We can do a quick sanity check by going to **Database** on the left hand nav menu and seeing that our table was successfully created.

![sb-created-tables](/images/blogs/supabase/sb-create-table.png)

Nice! Okay, last step for PlanetScale. Let's get our connection string so we can connect to PlanetScale from Neosync. We can find our connection string by going to **Project Settings** then **Database**. Under the **Connection parameters** heading, you can find your connection parameters to connect to your database.

![sb-created-tables](/images/blogs/supabase/sb-con.png)

# Setting up Neosync

Now that we're in Neosync, we'll want to first create a connection to our PlanetScale database and then create a job to generate data. Let's get started.

## Creating a Connection

Navigate over to Neosync and [login](https://app.neosync.dev). Once you're logged in, go to to **Connections** -> **New Connection** then click on **Postgres**.

![neosync-connect-form](/images/blogs/neon/connectform.png)

You should see the above form. Since our PlanetScale database is public we can ignore the bottom part about configuring a Bastion Host. Let's go ahead and start to fill out our PlanetScale connection string in this form. Here's a handy guide of how to break up the connection string and map it to the fields in the form.

| Component | Value | Description |
| --------- | ------------------------------------- | ------------------------------------------------------------- |
| Host | `aws-0-us-west-1.pooler.supabase.com` | The hostname or IP address of the database server. |
| Name | `postgres` | The specific database name to connect to. |
| Port | `5432` | The postgres port that we will bind to |
| Username | `postgres.ggosamebyhnzgdjmqfja` | The username for authenticating the connection. |
| Password | `************` | The password for authentication (hidden for security). |
| SSL Mode | `sslmode=require` | Specifies that SSL encryption is required for the connection. |

Once you've completed filling out the form, you can click on **Test Connection** to test that you're connected. You should see this if it passes:

![neosync-test](/images/blogs/neon/neon-test.png)

As a sidenote, if you wanted to configure SSL mode, you can do that in the PlanetScale console by scrolling down to the **SSL Configuration** section and enabling the **Enforce SSL on incoming connections** switch. Then in Neosync, just set the **SSL Mode** to `require` in the connection form.

Let's click **Submit** and move onto the last part.

## Creating a Job

In order to generate data, we need to create a **Job** in Neosync. Let's click on **Job** and then click on **New Job**. We're now presented with two options:

![neosync-test](/images/blogs/neon/data-gen.png)

- Data Synchronization - Synchronize and anonymize data between a source and destination.
- Data Generation - Generate synthetic data from scratch for a chosen destination.
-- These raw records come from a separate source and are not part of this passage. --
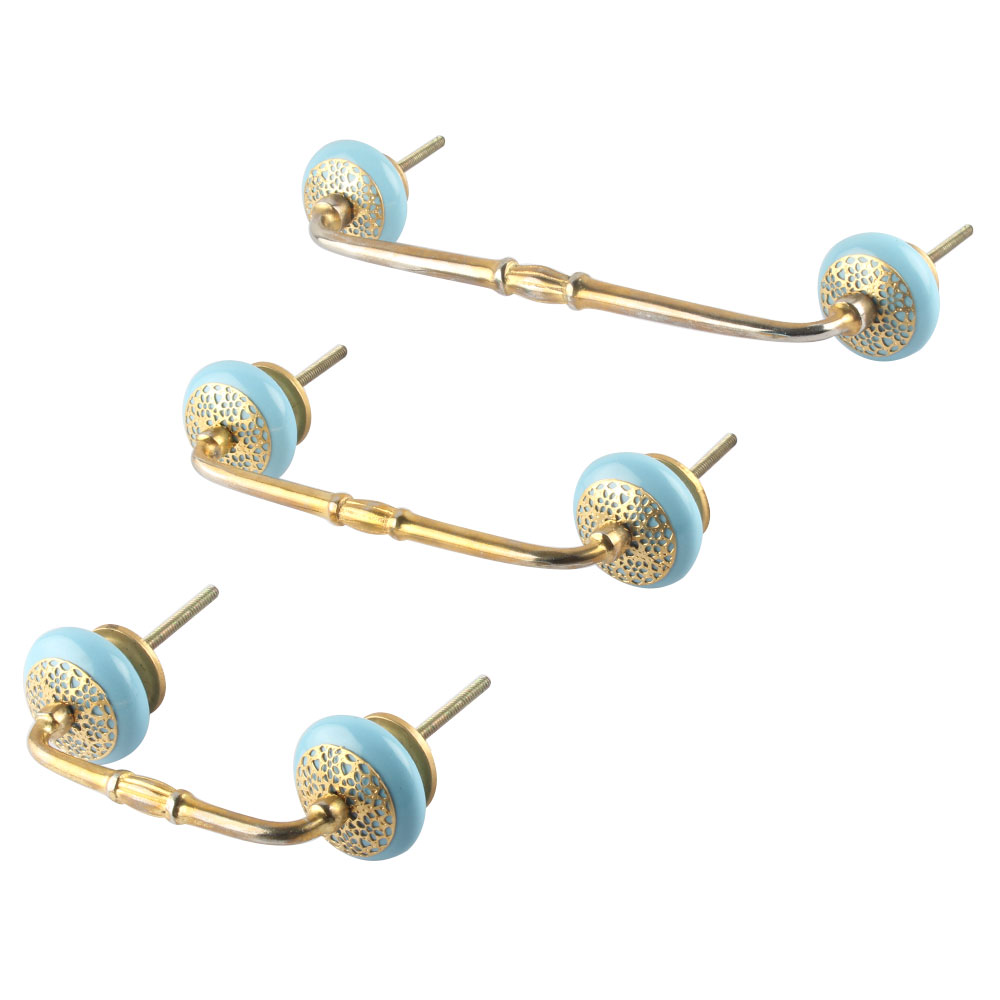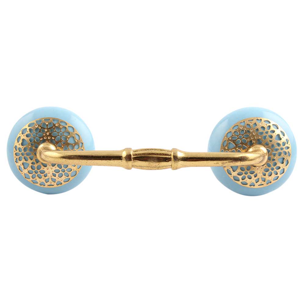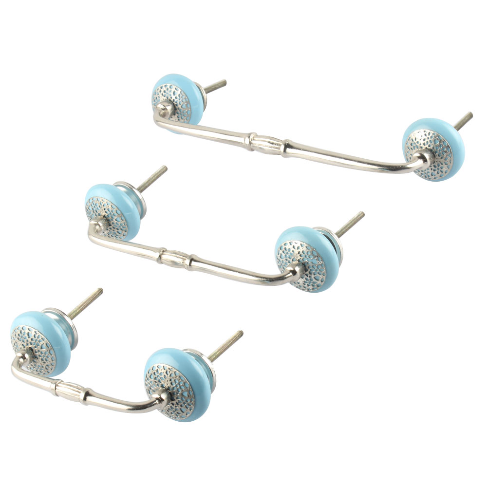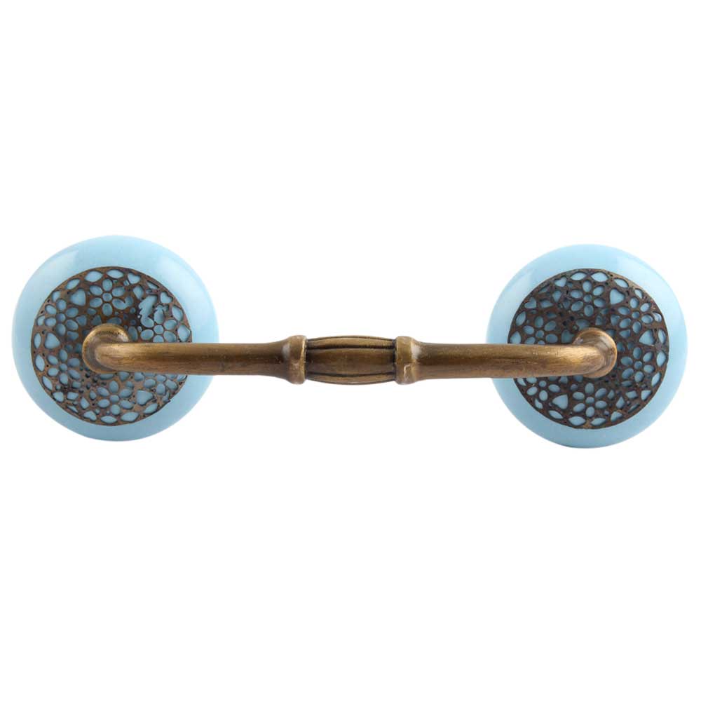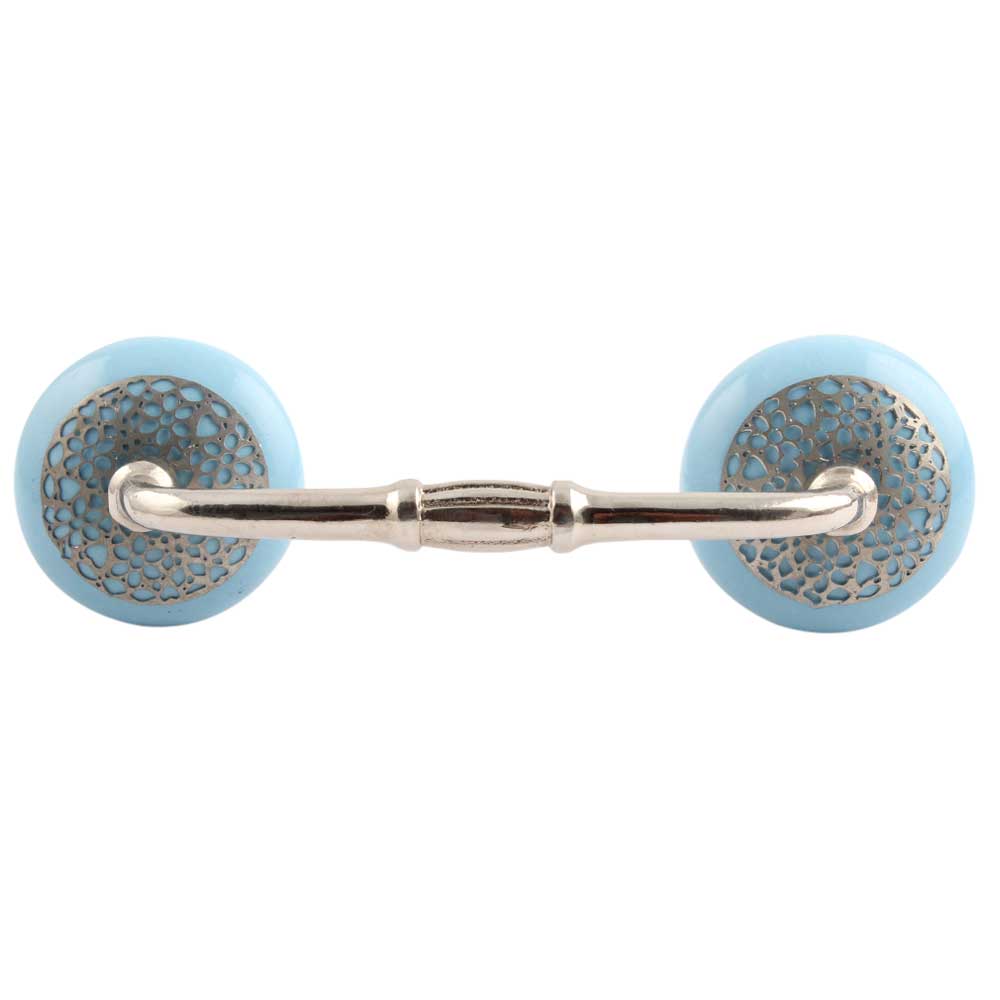 Turquoise Strewn Ceramic Bridge Handle. Ideal for Drawer, Dresser, Cabinet, Wardrobe, Cupboard and Almirah.
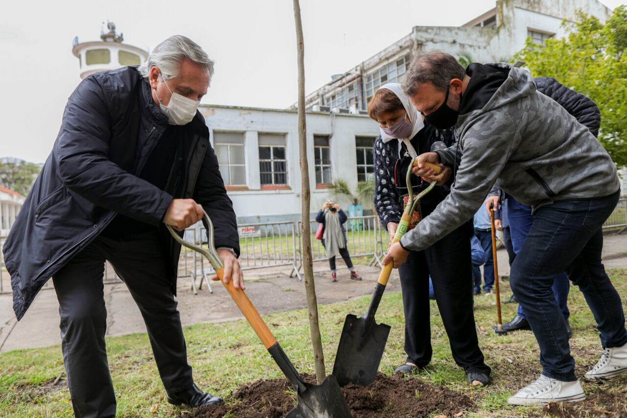 Cuando bajó de su auto, a Alberto Fernández lo esperaban en la entrada de la casa de HIJOS en la ex ESMA con un jacarandá y una pala con la que iba a tener que plantar el árbol como parte de
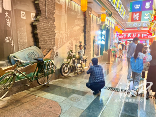 成都游客陸鳴就選擇在10月5日的下午來到這里,用感受人文氣息的方式結(jié)束“重慶游”。“雖然來過渝中多次,但重慶督郵街還是第一次來。這次也是看到有博主介紹,慕名而來?!彼阒⒆右宦放恼?,從督郵街口的郵政文物——“老牌”郵筒拍到不同時期的送信交通工具,此時的他變身一位“郵遞員”,或陪著孩子坐在扁擔(dān)上、抱著孩子坐在自行車上自拍,或讓孩子獨自坐在摩托車上為他拍,一路了解重慶郵政業(yè)的發(fā)展,也從重慶郵政業(yè)的發(fā)展中感受著這座城市的發(fā)展。“這條街很有意思,既有市井氣,又有知識學(xué),讓我們看到了蘊含在重慶小巷里的人文歷史?!?/p>

Since we're seeding a table from scratch, we can select the **Data Generation** job and click **Next**.

Let's give our job a name and then set **Initiate Job Run** to **Yes**. We can leave the schedule and advanced options alone for now.

![neosync-test](/images/blogs/supabase/sb-define.png)

Click **Next** to move onto the **Connect** page. Here we want to select the connection we previously connected from the dropdown.

![neosync-test](/images/blogs/supabase/sb-connect.png)

There are some other options here that can be useful but we'll skip these for now and click **Next**.

Now for the fun part. First select your schema. Mine is the public schema but you may have another one. Next select the table where you want to generate synthetic data. So I'm going to select the `users` table.

Next, decide how many rows you want to create. For this run, I'll do 1000 rows.

![neosync-test](/images/blogs/neon/data-gen-setup.png)

Lastly, we need to determine what kind of synthetic data we want to create and map that to our schema. Neosync has **Transformers** which are ways of creating synthetic data. Click on the **Transformer** and then select the right Transformer that maps to the right column. Here is what I have set up for the users table.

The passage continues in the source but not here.